AMENDMENT OF ARTICLE 4 OF THE ORIGINAL INDENTURE

 

Article 4 of the Indenture is hereby amended and restated in its entirety as follows:

 

Section 4.01.                             Payment of Notes.  The Company shall pay the Principal of and interest on the Notes on the dates and in the manner provided in the Notes and this Indenture.  The interest on the Notes shall be payable only to the Holders thereof and at the option of the Company may be paid by mailing checks for such interest payable to or upon the written order of such Holders at their last addresses as they appear on the Note Register of the Company.

 

Notwithstanding any provisions of this Indenture and the Notes to the contrary, if the Company and a Holder of any Note so agree, payments of interest on, and any portion of the Principal of, such Holder’s Note (other than interest payable at maturity or on any redemption or repayment date or the final payment of Principal on such Note) shall be made by the Paying Agent, upon receipt from the Company of immediately available funds by 11:00 A.M., New York City time (or such other time as may be agreed to between the Company and the Paying Agent), directly to the Holder of such Note (by Federal funds wire transfer or otherwise) if the Holder has delivered written instructions to the Trustee 15 days prior to such payment date requesting that such payment will be so made and designating the bank account to which such payments shall be so made and in the case of payments of Principal, surrenders the same to the Trustee in exchange for a Note or Notes aggregating the same principal amount as the unredeemed principal amount of the Notes surrendered.
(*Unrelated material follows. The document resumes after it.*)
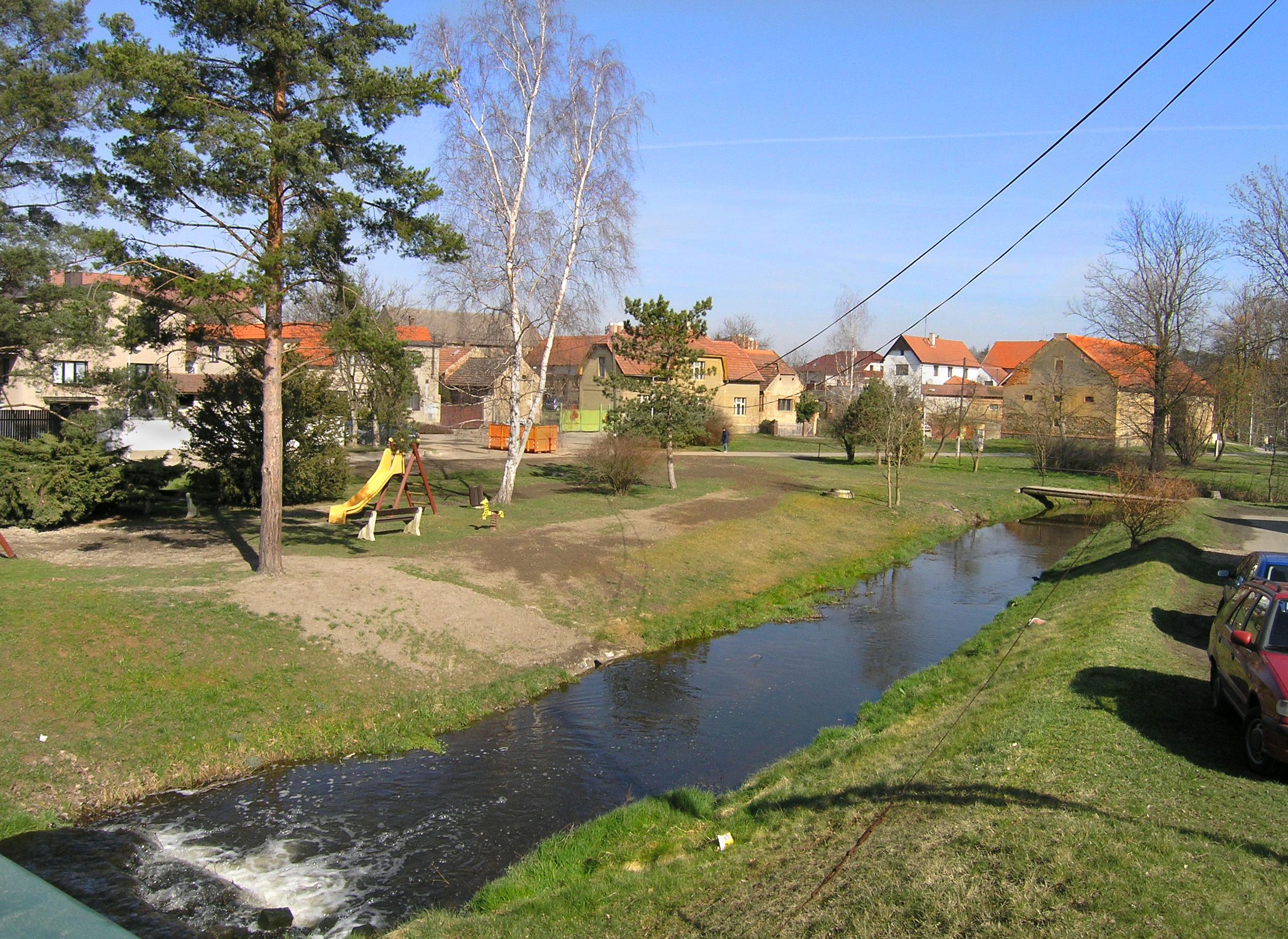 Botič Creek at Křeslice, Prague

The Trustee shall be entitled to rely on the last instruction delivered by the Holder pursuant to this Section 4.01 unless a new instruction is delivered 15 days prior to a payment date.  The Company will indemnify and hold each of the Trustee and any Paying Agent harmless against any loss, liability or expense (including attorneys’ fees) resulting from any act or omission to act on the part of the Company or any such Holder in connection with any such agreement or from making any payment in accordance with any such agreement.

 

The Company shall pay interest on overdue Principal, and interest on overdue installments of interest, to the extent lawful, at the rate per annum specified in the Notes.

 

Section 4.02.                             Maintenance of Office or Agency.  The Company will maintain in the Borough of Manhattan, The City of New York, an office or agency where Notes may be surrendered for registration of transfer or exchange or for presentation for payment and where notices and demands to or upon the Company in respect of the Notes and this Indenture may be served.  The Company hereby initially designates Wells Fargo Corporate Trust Services CMES Corporate Product Group, the corporate trust office of the Trustee’s Agent, located at 45 Broadway, 14th Floor, MAC N2666-140, New York, NY 10006-3004, in the Borough of Manhattan, The City of New York, as such office or agency of the Company.  The Company will give prompt written notice to the Trustee of the location, and any change in the location, of such office or agency.  If at any time the Company shall fail to maintain any such required office or agency or shall fail to furnish the Trustee with the address thereof, such presentations, surrenders, notices and demands may be made or served at the address of the Trustee set forth in Section 10.01.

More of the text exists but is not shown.